Things you must check before taking any trade
Opening a trading account in Singapore is not a tough task. You can open a trading account with a top broker like Saxo and complete the verification process within a few days. Getting the trading account is the first step to take the trades. Though you can fund the account and start placing the trades, it can’t save your capital. You are most likely to lose your entire capital. Unless you have vigorous training and strong skills in the trading industry, you should not trade with real money.
For the safety of the capital, a few parameters must be checked before the execution of the trade. Though you might add more parameters we are discussing the most important ones.
Are you trading with the trend?
The first mistake of rookies is that they try to trade the tops and bottoms of the trend. Using a reversal trading method is very risky and the success rate is very low. If the signal is against the trend, you should not take the trade. Use the trend trading strategy so that you have a better chance to win. Instead of making things complicated, you should start with the trend line tools. Use the trend line support and resistance to find your desired signals. With this simple step, you can boost up the profit and avoid many losing trades.
Are you taking the high risk?
Taking too much risk is very common for the rookies. The rookies have access to a high leverage trading account. Some of them use insane leverage to take the trades. Though it can multiply the profit potential to a great extent it also increases the risk. The risk should not exceed 3% of the balance in any trade. You can read articles on money management, you will take a 2% risk in the trades. For more info you can visit the professional broker Saxo and use their free resources to develop your risk management plan. Unless you feel comfortable with the potential of losing a certain portion of your capital, you should not take the trade.
Use protective stops
Many traders don’t use protective stops in trading. To them, the mental stop is the best way to save money. A mental stop is not going to work when you trade in a volatile market. You must use a predefined stop so that you don’t have to worry about leaving your station. Finding the stop loss for the trade is not a tough task. By following some of the most basic things in trading, you can expect to reduce the loss. Train yourself to find the critical support and resistance level since these are two of the most important things you need to learn to protect your trading capital.

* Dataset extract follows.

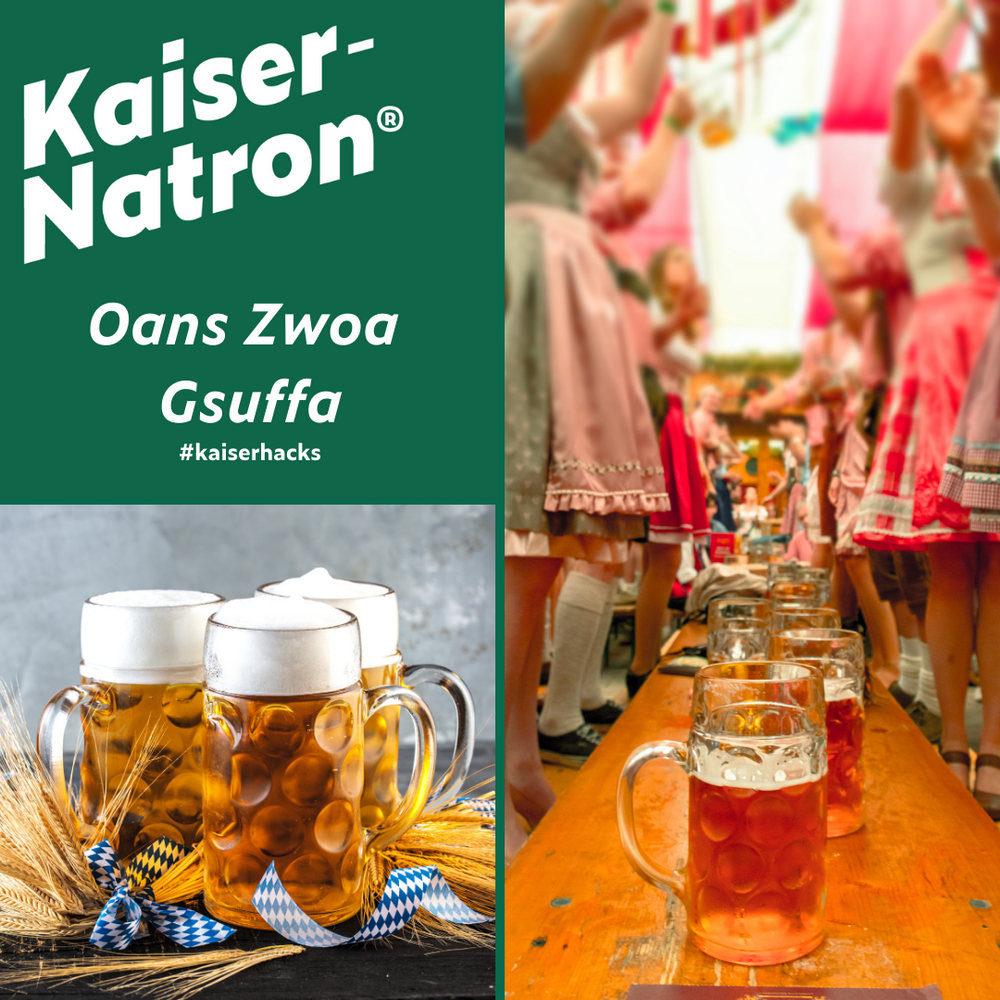 In München und überall zwischen Flensburg und dem Ballermann wird gerade das Oktoberfest in vollen Zügen gefeiert. Es wird gebusserlt, getanzt, geschwitzt und das ein oder andere Bier getrunken. Am nächsten Tag plagt einen dann die riesengroße Miezekatze im Schädel. Zum Glück gibt es bekannte „Mittelchen“ aus der Apotheke… Aber wusstet Ihr, dass Natron da auch sehr hilfreich ist? Der vom Natron regulierte Säure-Basen-Haushalt kann Wunder wirken. Dazu einfach 1 TL Natron in einem Glas Wasser auflösen und trinken. Ihr könnt Euch auch ein Homemade-Miezen-Mittelchen machen: 1 l Wasser mit ¼ TL Salz, ¼ TL Natron, 2 EL Zucker und Saft einer Orange mischen und trinken. Damit ist jedes Oktoberfest gerettet. Ein Prosit auf Natron!

Are you prepared for the unexpected movement?
No one knows what will happen to the financial market. Think about the Brexit event. Even the professional traders didn’t know that the GBPUSD pair would drop more than 2000 pips on such a short notice. You have to prepare for such unexpected events throughout your trading career. The only way you can do this is by following the basic rule of money management. You can’t trade with the money that you can’t afford to lose. If you do, you are going to lose in most of the trades. Always think of the market as an unpredictable variable.
The success of the traders depends on the action. If you can follow the tips carefully, you can expect to make the best out of trading. But this should be done in a very relaxed way. If you are under pressure to take the trade, you are not following the basic rules to ensure the safety of the capital. You must be relaxed and the above-mentioned rules must be followed. Only then you can expect to become a millionaire trader.